A divergence-free vector field $v \in L_{loc}^2(\mathbb{R}^n_{x}\times \mathbb{R}_{t},\mathbb{R}^n)$ is said to be a weak solution of the incompressible Euler equation
$$\frac{\partial v}{\partial t} + div(v \otimes v) + \nabla p = 0\\
div(v) =0$$
if
$$ \int v \cdot \frac{\partial \phi}{\partial t} + (v \otimes v) \cdot \nabla \phi \: dx dt = 0\\
\int v \cdot \nabla \phi \: dx dt = 0$$
are satisfied for every divergence-free $\phi \in C_{c}^{\infty}(\mathbb{R}^n_{x}\times \mathbb{R}_{t},\mathbb{R}^n)$. To achieve this we first have to multiply by $\phi$ and then integrate in space and time. Then by integration by parts we get
$$\int \frac{\partial v}{\partial t} \cdot \phi – (v \otimes v)\cdot \nabla \phi + \nabla p \cdot \phi \: dx dt = 0 \\
\int v \cdot \nabla \phi \: dx dt = 0$$
But I don't understand how the rest transforms. As $\Omega \subset \mathbb{R}^n_{x}\times \mathbb{R}_{t}$ we can write $\Omega = \Omega_x \times I$ for some Interval $I \subset \mathbb{R}_{t}$. So I think with weak derivation we can get $$\int_{\Omega_{x}} \int_{t} \frac{\partial v}{\partial t} \cdot \phi \: dt dx = -\int_{\Omega_{x}} \int_{t} \frac{\partial \phi}{\partial t} \cdot v \: dt dx$$
I would transform the $\nabla p \cdot \phi$ term in the same way but I read somewhere that the pressure $p$ disappears because $v$ is incompressible.
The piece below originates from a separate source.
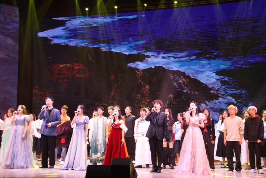 晚会进行到最后,全体演职人员和师生共唱《我和我的祖国》,表达了对祖国母亲的祝福。

Could someone explain how?

Answer 1

I read that one can write the pressure $p$ in a form where it only depends on the velocity $v$. To get the form we need we take the divergence of the Euler equation $$ \frac{\partial}{\partial t} div(v) + div(\nabla v \cdot v) + div(\nabla p) = 0$$ Because $div(v)=0$ for an incompressible fluid and $div(\nabla p) = \Delta p$, it can be transformed to $$ 0= div(\nabla v) \cdot v + tr(\nabla v \cdot \nabla v) + \Delta p = \nabla(div(v)) \cdot v + tr(\nabla v \cdot \nabla v) + \Delta p $$ As $div(v)=0$ we then get $$\Delta p = - tr(\nabla v \cdot \nabla v)$$ So I assume that it is sufficient to find a weak soultion $v$ to the weak formulation above (with eliminated pressure) and to find then an associated pressure in a weak sense.